Tools for using compute.rhg.com and compute.impactlab.org
MIT License
1 stars 4 forks source link

add cluster spinup & job management utilities #53

Open delgadom opened 5 years ago

delgadom commented 5 years ago

Cluster spinup

Spin up for a cluster and (optionally) wait for workers to appear, with a progress bar. Optionally use as a context manager to spin down cluster after job execution.

try:
    from tqdm.auto import tqdm
except ImportError:
    from tqdm import tqdm_notebook as tqdm

class setup_cluster(object):
    '''
    Scales up a dask cluster, with the option to block until the workers are available

    If ``setup_cluster`` is used as a context manager, the workers will be spun down
    upon exit. Note that this does not automatically wait for all tasks to be
    completed, so care should be taken to ensure all jobs will block until the context
    is exited. Because the workers will be spun down after job completion,
    debugging tasks can be difficult. Therefore, it's recommended that this not be
    used for prototyping, and that tasks have their own mechanism for error
    handling and possibly reporting when using ``setup_cluster`` this way.

    Parameters
    ----------
    nworkers : int
        Number of workers to create
    cluster_creator : func, optional
        Cluster creation function. Object returned must have ``scale`` and ``close``
        methods. Default is :py:func:`rhg_compute_tools.kubernetes.get_cluster`.
    cluster_kwargs : dict, optional
        Keyword arguments passed to ``cluster_creator``. Default ``{}``
    block : bool, optional
        Whether to block until all workers have come online. Default ``True``.
    pbar : bool, optional
        Whether to create a tqdm progress bar displaying worker spinup. Ignored
        if ``block`` is ``False``. Default ``True``.
    pbar_kwargs : dict, optional
        Keyword arguments passed to :py:func:`tqdm.auto.tqdm`

    Examples
    --------
    Can be used as a helper to scale up workers:

    .. code-block:: python

        >>> s = setup_cluster(10)
        >>> client, cluster = s.scale_and_wait_for_workers()  # doctest: +SKIP
        100%|██████████| 10/10 [00:12<00:00,  21.72s/it]
        >>> futures = client.map(lambda x: x**2, range(20))  # doctest: +SKIP

    Alternatively, can be used as a context manager:

    .. code-block:: python

        >>> with setup_cluster(10, pbar_kwargs={'desc': 'workers'}) as client, cluster:
        ...     futures = client.map(lambda x: x**2, range(20))
        ...     wait_for_futures(
        ...         futures,
        ...         pbar_kwargs={'desc': 'jobs'})  # doctest: +SKIP
        ...
        workers: 100%|██████████| 10/10 [00:12<00:00,  1.20s/it]
        jobs: 100%|██████████| 10/10 [00:01<00:00,  9.83it/s]
    '''
    def __init__(
            self,
            nworkers,
            cluster_creator=None,
            cluster_kwargs=None,
            block=True,
            pbar=True,
            pbar_kwargs=None):
        self.nworkers = nworkers
        self.cluster_creator = (
            cluster_creator if cluster_creator is not None else rhgk.get_cluster)
        self.cluster_kwargs = cluster_kwargs if cluster_kwargs is not None else {}
        self.block = block
        self.pbar = pbar
        self.pbar_kwargs = None

    def scale_and_wait_for_workers(self):
        self.client, self.cluster = self.cluster_creator(**self.cluster_args)
        self.cluster.scale(self.nworkers)

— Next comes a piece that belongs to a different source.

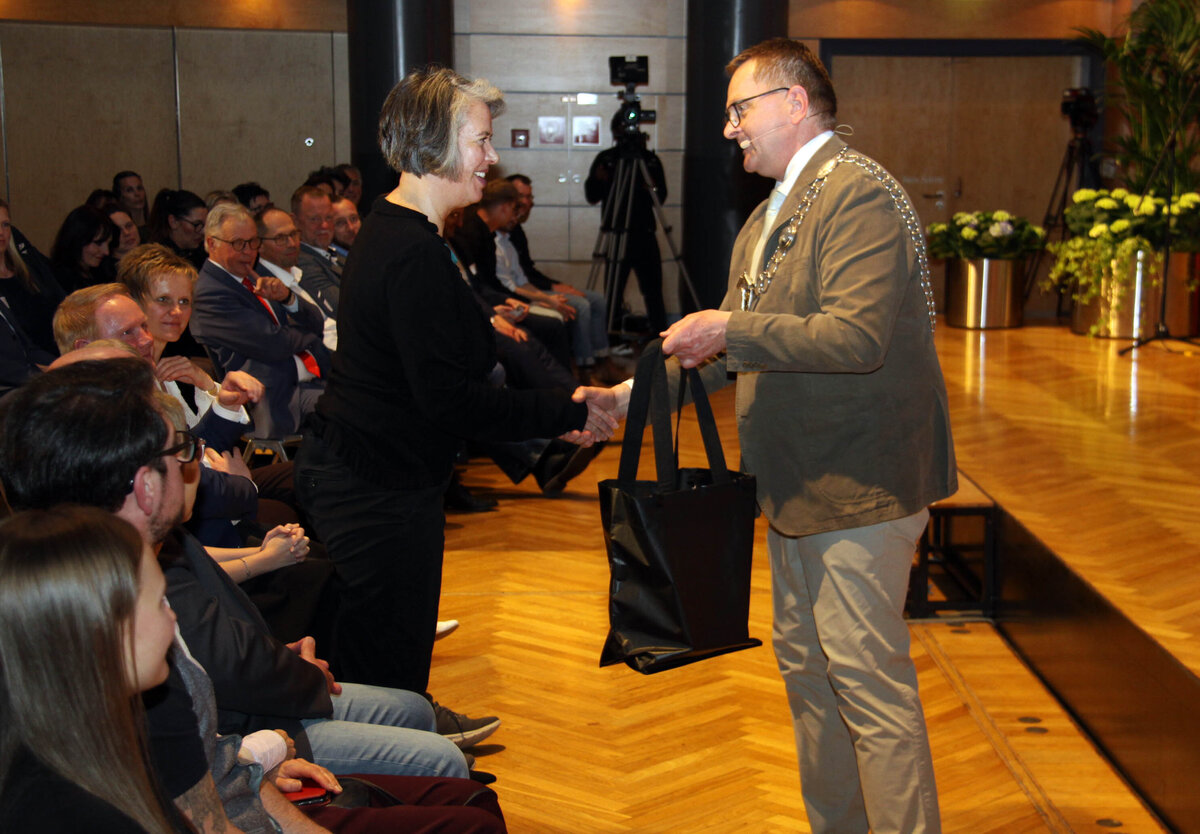 Die Präsentation der neuen Homepage der Hansestadt sowie des Kulturhauses und der Mönchskirche reihte sich ein in die vielen Überraschungen des Abends. Für viele Lacher sorgte das Geschenk von Bürgermeister Meining an Dr. Zieschang: eine schwarze Tasche. Dabei spielte Meining auf die Parteifarbe der Ministerin an (CDU-schwarz), allerdings trug die Tasche den Aufdruck der Salzwedeler Künstlerin, die das Accessoire entworfen hatte: "fröhliches Schwarz". Vielleicht, so der nicht ernst gemeinte Vorschlag des Bürgermeisters, ein künftiges Parteimotto...? Überrascht waren auch die Fachbereichsleiter seiner Verwaltung, die er alle einzeln aufrief. Denn er bedankte sich dafür, dass sie seine, so Meining wörtlich, "oft spontanen Eingebungen mitmachen und gut umsetzen." Einen großen Blumenstrauß erhielt dann die Person, die "mir zur Seite steht und ohne die ich das alles nicht schaffen würde": seine Frau Nadine. Langanhaltender Applaus des Publikums würdigte diese Geste.

        if self.block and self.pbar:
            pbar = tqdm.tqdm_notebook(total=self.nworkers, desc='workers')

            while True:
                nworkers = len(self.client.ncores().values())
                pbar.n = nworkers
                pbar.refresh()
                if nworkers < self.nworkers:
                    time.sleep(0.2)
                else:
                    pbar.n = nworkers
                    pbar.refresh()
                    break

        return self.client, self.cluster

    def __enter__(self):
        return self.scale_and_wait_for_workers()

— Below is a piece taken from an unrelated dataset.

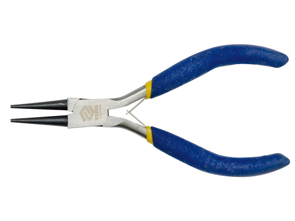 Mini kleště VOREL kulaté přímé 125 mm jsou malé kulaté přímé kleště pro jemné ruční práce v domácí dílně.
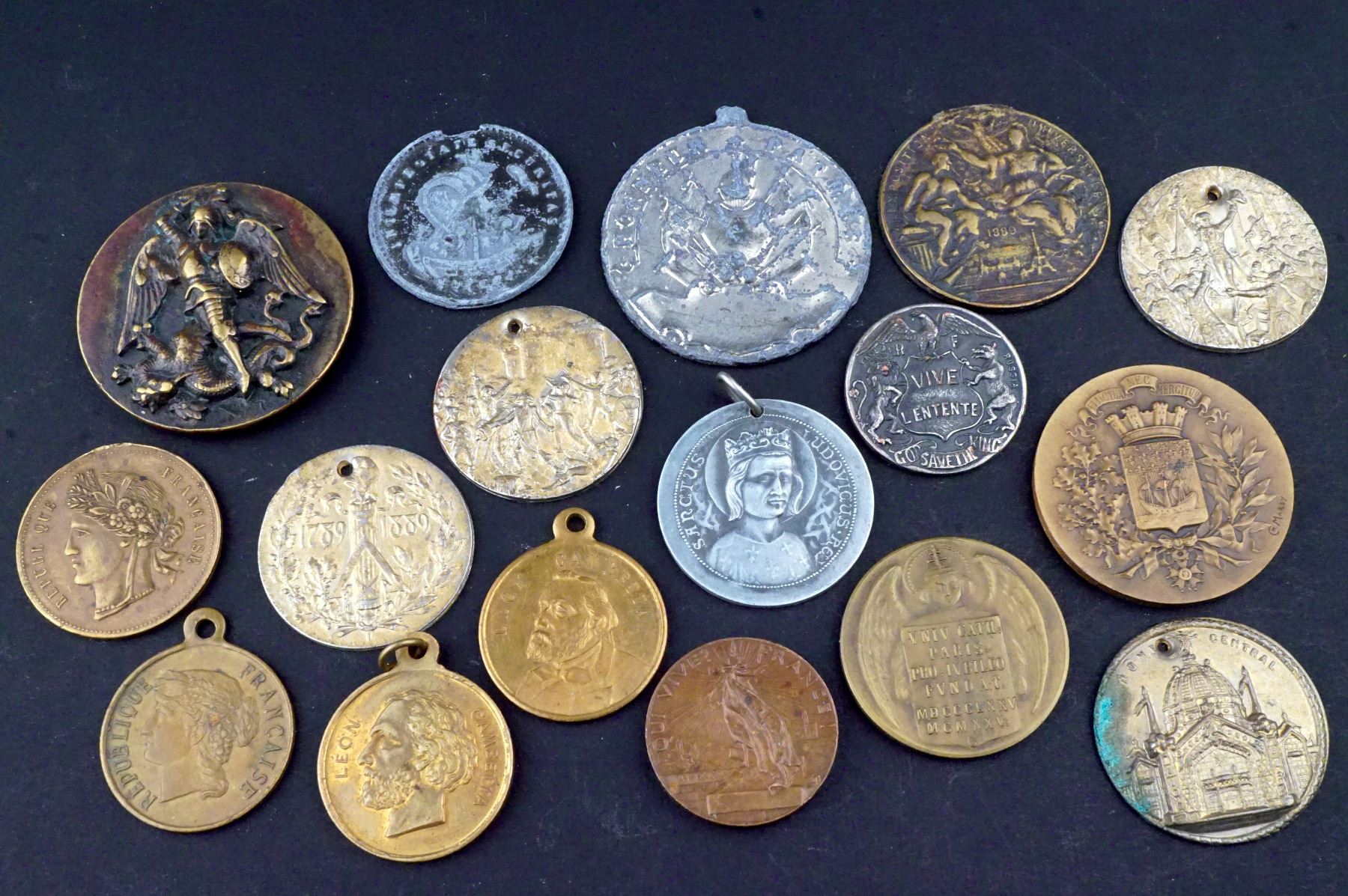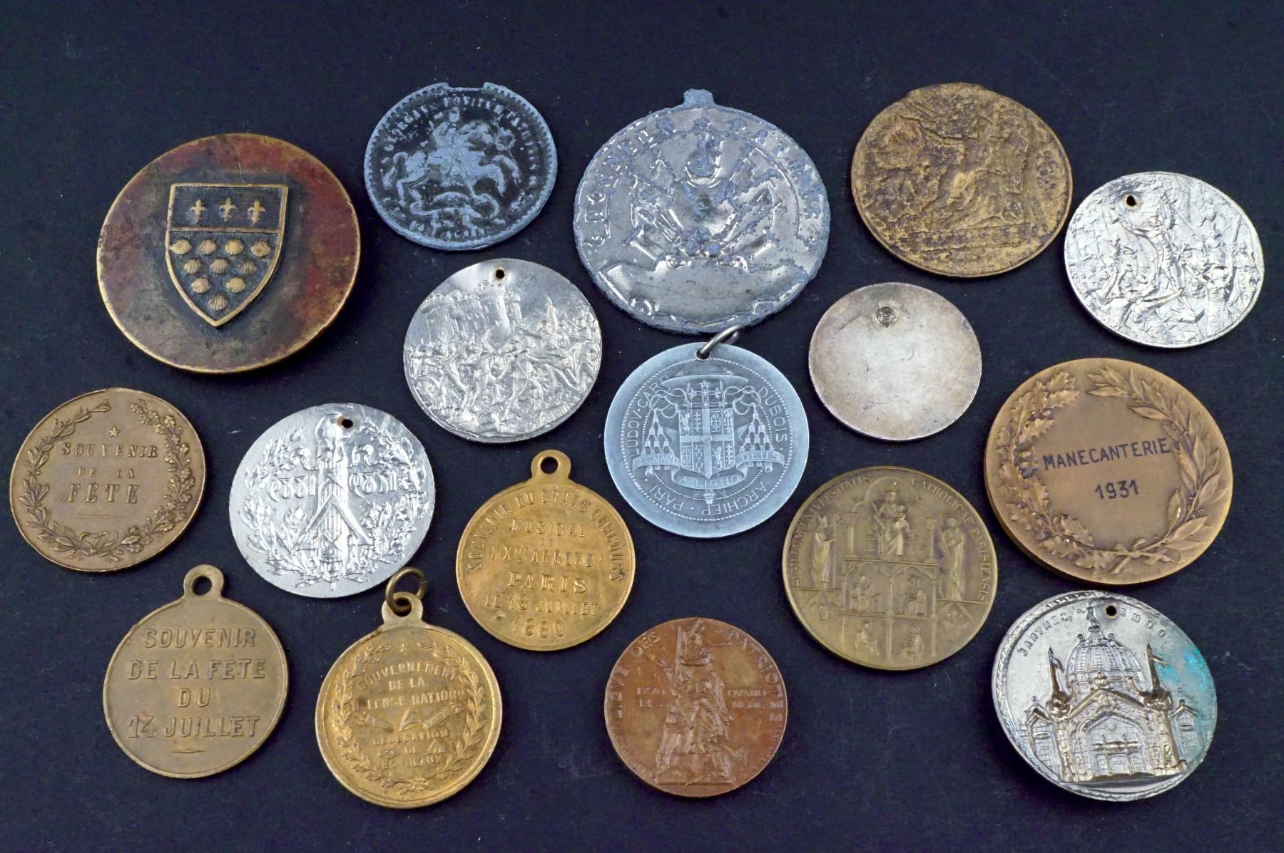 France - Lot of Five Small Medalets, early 3rd Republic PLUS 12 Misc. medals,

    def __exit__(self, *args, **kwargs):
        self.cluster.scale(0)
        self.client.close()
        self.cluster.close()

Task management

Wait for futures to complete, with a progress bar

def wait_for_futures(futures, pbar_kwargs=None):
    '''
    Blocking progress bar for dask futures

    Provides a progress bar which will block the python interpreter until
    all futures are completed

    Parameters
    ----------
    futures : list or dask object
        list of dask futures objects, or a dask collection such as a
        Dataframe or Array object with a dask attribute
    kwargs:
        Keyword arguments passed to tqdm.auto.tqdm constructor
    '''
    if pbar_kwargs is None:
        pbar_kwargs = {}

    if hasattr(futures, 'dask'):
        futures = futures.dask.values()

    pbar = tqdm(dd.as_completed(futures), total=len(futures), **pbar_kwargs)

    errors = 0
    for f in pbar:
        if f.status == 'error':
            errors += 1
            pbar.set_postfix({'errors': errors})

Other useful features

bolliger32 commented 5 years ago

Another useful feature:

[ ] a wrapper that handles the IOErrors that we sometimes get with large worker numbers and keeps submitting the function until it succeeds or reaches a Max retry num

I feel like some of this stuff could be developed on dask_kubernetes but maybe easier to get it up and running here and then see if it can be merged

delgadom commented 5 years ago

yeah. this is just like a helper function that handles errors that frequently pop up in the chaos of crapton-of-workers land and then hammers the jobs until they complete?

I've actually found the cluster to be much more stable, even when running huge numbers of jobs. Have you encountered this recently?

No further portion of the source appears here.